Re: [PATCH] arm/hvf: Optimize and simplify WFI handling

From: Alexander Graf <agraf@csgraf.de>
To: Peter Collingbourne <pcc@google.com>
Cc: Peter Maydell <peter.maydell@linaro.org>,
	Eduardo Habkost <ehabkost@redhat.com>,
	Richard Henderson <richard.henderson@linaro.org>,
	qemu-devel <qemu-devel@nongnu.org>,
	Cameron Esfahani <dirty@apple.com>,
	Roman Bolshakov <r.bolshakov@yadro.com>,
	qemu-arm@nongnu.org, Claudio Fontana <cfontana@suse.de>,
	Frank Yang <lfy@google.com>, Paolo Bonzini <pbonzini@redhat.com>
Subject: Re: [PATCH] arm/hvf: Optimize and simplify WFI handling
Date: Tue, 1 Dec 2020 23:03:58 +0100	[thread overview]
Message-ID: <14cfa271-d1a8-6fe4-969a-a0903dc690b3@csgraf.de> (raw)
In-Reply-To: <CAMn1gO4qtzB30s3=AAdCQSyvwhNY43F_DxOji5iJuxJuKeko4g@mail.gmail.com>

On 01.12.20 19:59, Peter Collingbourne wrote:
> On Tue, Dec 1, 2020 at 3:16 AM Alexander Graf <agraf@csgraf.de> wrote:
>> Hi Peter,
>>
>> On 01.12.20 09:21, Peter Collingbourne wrote:
>>> Sleep on WFx until the VTIMER is due but allow ourselves to be woken
>>> up on IPI.
>>>
>>> Signed-off-by: Peter Collingbourne <pcc@google.com>
>>
>> Thanks a bunch!
>>
>>
>>> ---
>>> Alexander Graf wrote:
>>>> I would love to take a patch from you here :).

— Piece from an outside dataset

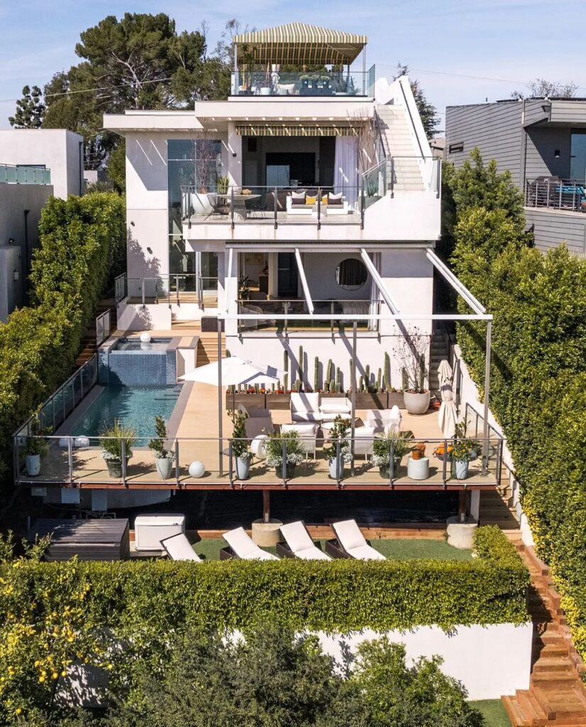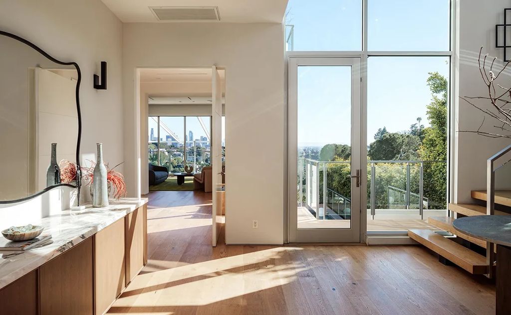 Situated on a tranquil cul-de-sac overlooking the Silver Lake Reservoir, this three-bedroom, four-bath residence epitomizes California’s contemporary hillside architecture. Completed in 2018, the Christina Ricci House LA spans roughly 3,400 square feet of refined living space across two open levels. Its sleek design is enhanced by smart-home automation, a rooftop deck, and walls of glass framing cinematic views from Downtown Los Angeles to the distant San Gabriel Mountains.

I'll still be stuck for a
>>>> while with the sysreg sync rework that Peter asked for before I can look
>>>> at WFI again.
>>> Okay, here's a patch :) It's a relatively straightforward adaptation
>>> of what we have in our fork, which can now boot Android to GUI while
>>> remaining at around 4% CPU when idle.
>>>
>>> I'm not set up to boot a full Linux distribution at the moment so I
>>> tested it on upstream QEMU by running a recent mainline Linux kernel
>>> with a rootfs containing an init program that just does sleep(5)
>>> and verified that the qemu process remains at low CPU usage during
>>> the sleep. This was on top of your v2 plus the last patch of your v1
>>> since it doesn't look like you have a replacement for that logic yet.
>>>
>>>    accel/hvf/hvf-cpus.c     |  5 +--
>>>    include/sysemu/hvf_int.h |  3 +-
>>>    target/arm/hvf/hvf.c     | 94 +++++++++++-----------------------------
>>>    3 files changed, 28 insertions(+), 74 deletions(-)
>>>
>>> diff --git a/accel/hvf/hvf-cpus.c b/accel/hvf/hvf-cpus.c
>>> index 4360f64671..b2c8fb57f6 100644
>>> --- a/accel/hvf/hvf-cpus.c
>>> +++ b/accel/hvf/hvf-cpus.c
>>> @@ -344,9 +344,8 @@ static int hvf_init_vcpu(CPUState *cpu)
>>>        sigact.sa_handler = dummy_signal;
>>>        sigaction(SIG_IPI, &sigact, NULL);
>>>
>>> -    pthread_sigmask(SIG_BLOCK, NULL, &set);
>>> -    sigdelset(&set, SIG_IPI);
>>> -    pthread_sigmask(SIG_SETMASK, &set, NULL);
>>> +    pthread_sigmask(SIG_BLOCK, NULL, &cpu->hvf->unblock_ipi_mask);
>>> +    sigdelset(&cpu->hvf->unblock_ipi_mask, SIG_IPI);
>>
>> What will this do to the x86 hvf implementation? We're now not
>> unblocking SIG_IPI again for that, right?
> Yes and that was the case before your patch series.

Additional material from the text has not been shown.